If you have been confused over the last couple of days by the mixed messages emerging from Downing Street about the government’s policy on international students, you are not alone: the same applies to many figures inside Whitehall.
The Sunday Times reported a Number 10 source saying David Cameron is 'definitely considering a change in policy', 'fearing the UK could lose billions if students are caught up in the pledge to reduce net migration to below 100,000 by 2015'. The Mail followed up the story in its leader on Monday, endorsing it but suggesting it would be a mistake – and blaming it on the Lib Dems. But since then Downing Street has distanced itself from any talk of a U-turn; and the Home Office has unveiled its latest policy changes on student visas, re-introducing interviews for some applications and giving immigration officials broader powers to turn them down – and boasting that student numbers have already been cut by over 20 per cent.
One of the reasons the Government has come under growing pressure in this area is because it has equivocated about what its real objective is: to reduce the number of international students, or simply to stop those who it believes are bogus. As in other areas, the influence of the net migration target can be felt in the confusion or distortion of policy choices, and of how policy is communicated.
The argument for excluding students from the net migration figures is simple.
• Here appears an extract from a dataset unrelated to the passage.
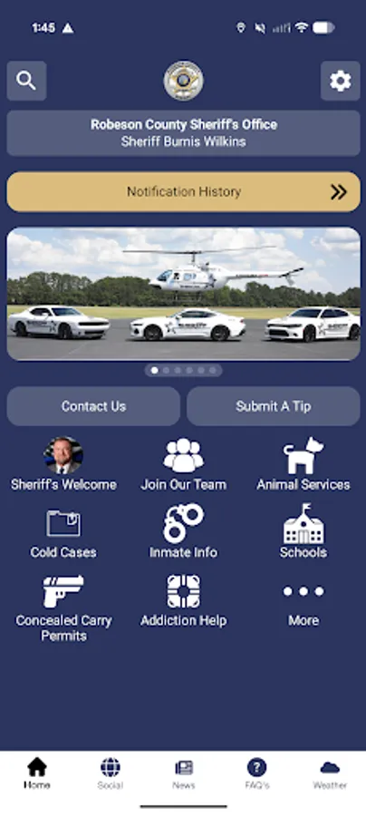 The Robeson County Sheriff’s Office mobile application is an interactive app developed to help improve communication with area residents. The Robeson County NC Sheriff’s app allows residents to connect with the Robeson County Sheriff’s Office by reporting crimes, submitting tips, and other interactive features, as well as provides the community the latest public safety news and information. The app is another public outreach effort developed by the Robeson County NC Sheriff’s Office to improve communication with county residents and visitors. This app is not intended to be used to report emergency situations. Please call 911 in an emergency.

Those figures are meant to measure 'long term immigration'. Most international students are not 'long term immigrants'. They are far more likely to return home after a few years than the other main immigration categories of work, family, and asylum: the evidence suggests only around 15 per cent stay permanently. At the same time, they are a major source of export revenue, and a potential growth industry, as well as an important source of revenue for the education sector at a time when it is having to adjust to reductions in government funding. The combination of these factors means that cutting the numbers of international students brings only very modest reductions in long term net migration, at the price of significant negative effects on our economy and education sector at the worst possible time.
The case for another U-turn, then, is strong. But if Cameron really is considering it, two things will be giving him pause. The first is that U-turning on immigration is not like forests, or even pasties: it is a far more flammable issue for his own party, for the right wing media, and potentially for the public. In fact, polling suggests the public would find a shift in policy on student visas unobjectionable on its merits – but they will not react so generously if is served up to them as a broken promise or an example of 'fiddling the figures' on an issue where trust in politicians is even lower than elsewhere.
The second is that excluding students from the figures, while sound in policy terms, would make the government’s attempts to control immigration look even feebler. As I argued here, the only honest way to exclude students from the net migration figures – taking them out of emigration as well as immigration figures – would make the 100,000 target look more attainable, but only by reducing the level of net migration the coalition inherited, from 250,000 to a more accurate level around 150,000. It would also bring into even sharper relief the government’s failure to make any real impact on other kinds of immigration, including from Eastern Europe, which voters are far more worried about.
These are serious political downsides, but excluding students from the long term net migration figures remains the right thing to do – along with targeting bogus students for their own sake, rather than as simply a way to get the numbers down – so this is one U-turn we should welcome, rather than sneer at.
Matt Cavanagh is a visiting fellow at IPPR.